LA 2427 Balloons in a Box

Balloons in a Box

WA了一版真的找不到错误！

妈蛋，找到了，(a.y - b.y)*(a.y - b.y)+(a.z - b.z)*(a.z - b.z)中间一直用的是*号，妈蛋，这样为什么样例能对，fu*k！

You must write a program that simulates placing spherical balloons into a rectangular box.

The simulation scenario is as follows. Imagine that you are given a rectangular box and a set of points. Each point represents a position where you might place a balloon. To place a balloon at a point, center it at the point and inflate the balloon until it touches a side of the box or a previously placed balloon. You may not use a point that is outside the box or inside a previously placed balloon. However, you may  use the points in any order you like, and you need not use every point. Your objective is to place balloons in the box in an order that maximizes the total volume occupied by the balloons.

You are required to calculate the volume within the box that is not enclosed by the balloons.

Input 

The input consists of several test cases. The first line of each test case contains a single integer n that indicates the number of points in the set (1 <= n<= 6). The second line contains three integers that represent the (x, y, z) integer coordinates of a corner of the box, and the third line contains the (x, y, z) integer coordinates of the opposite corner of the box.

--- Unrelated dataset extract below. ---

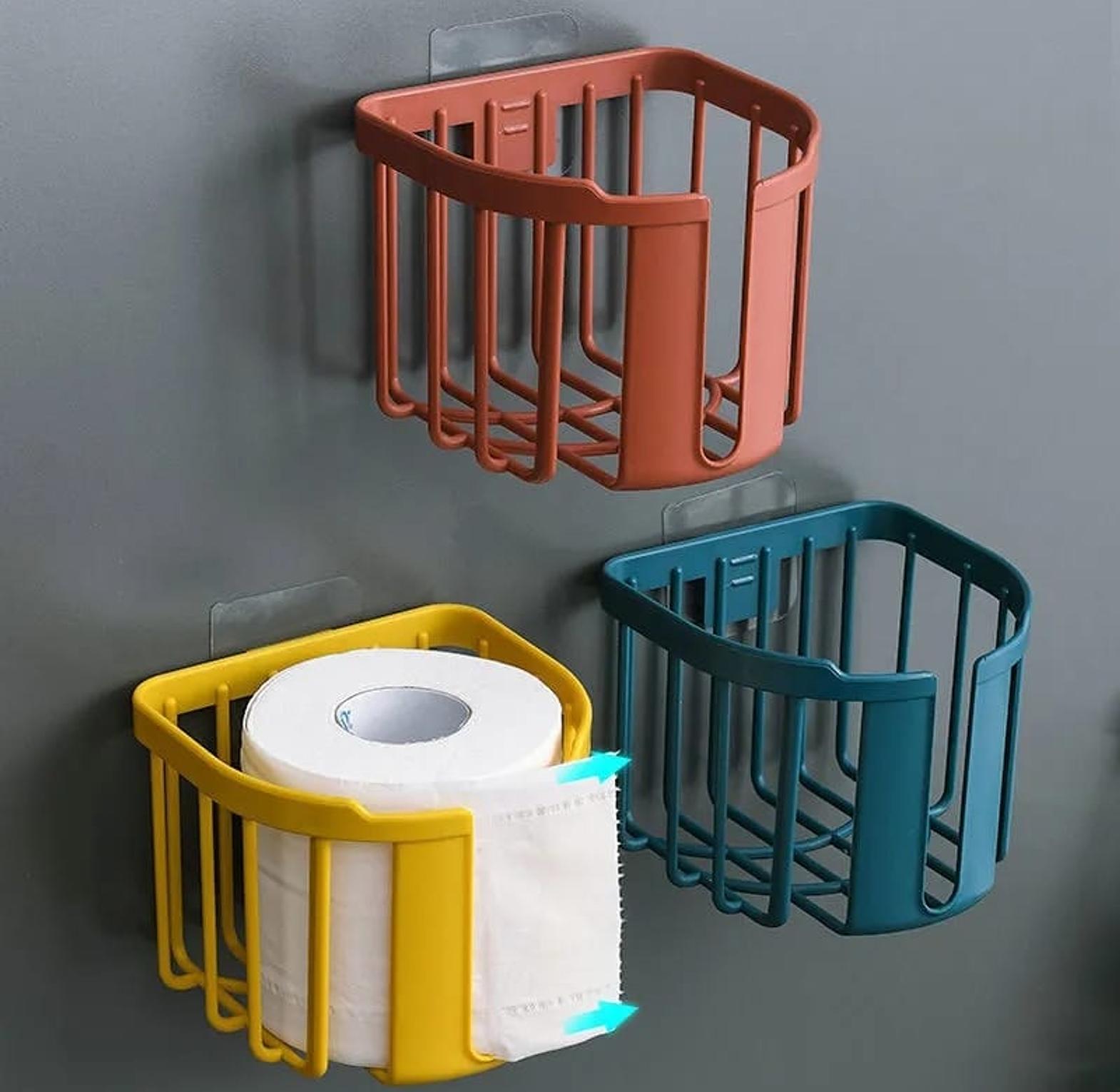 Punch-Free Toilet Paper Holder Shelf Bathroom Kitchen Tissue Box Wall-Mounted Sticky Paper Storage Box Toilet Paper Holder Roll

The next n lines of the test case contain three integers each, representing the (x, y, z) coordinates of the points in the set. The box has non-zero length in each dimension and its sides are parallel to the coordinate axes.

The input is terminated by the number zero on a line by itself.

Output 

For each test case print one line of output consisting of the test case number followed by the volume of the box not occupied by balloons. Round the volume to the nearest integer. Follow the format in the sample output given below.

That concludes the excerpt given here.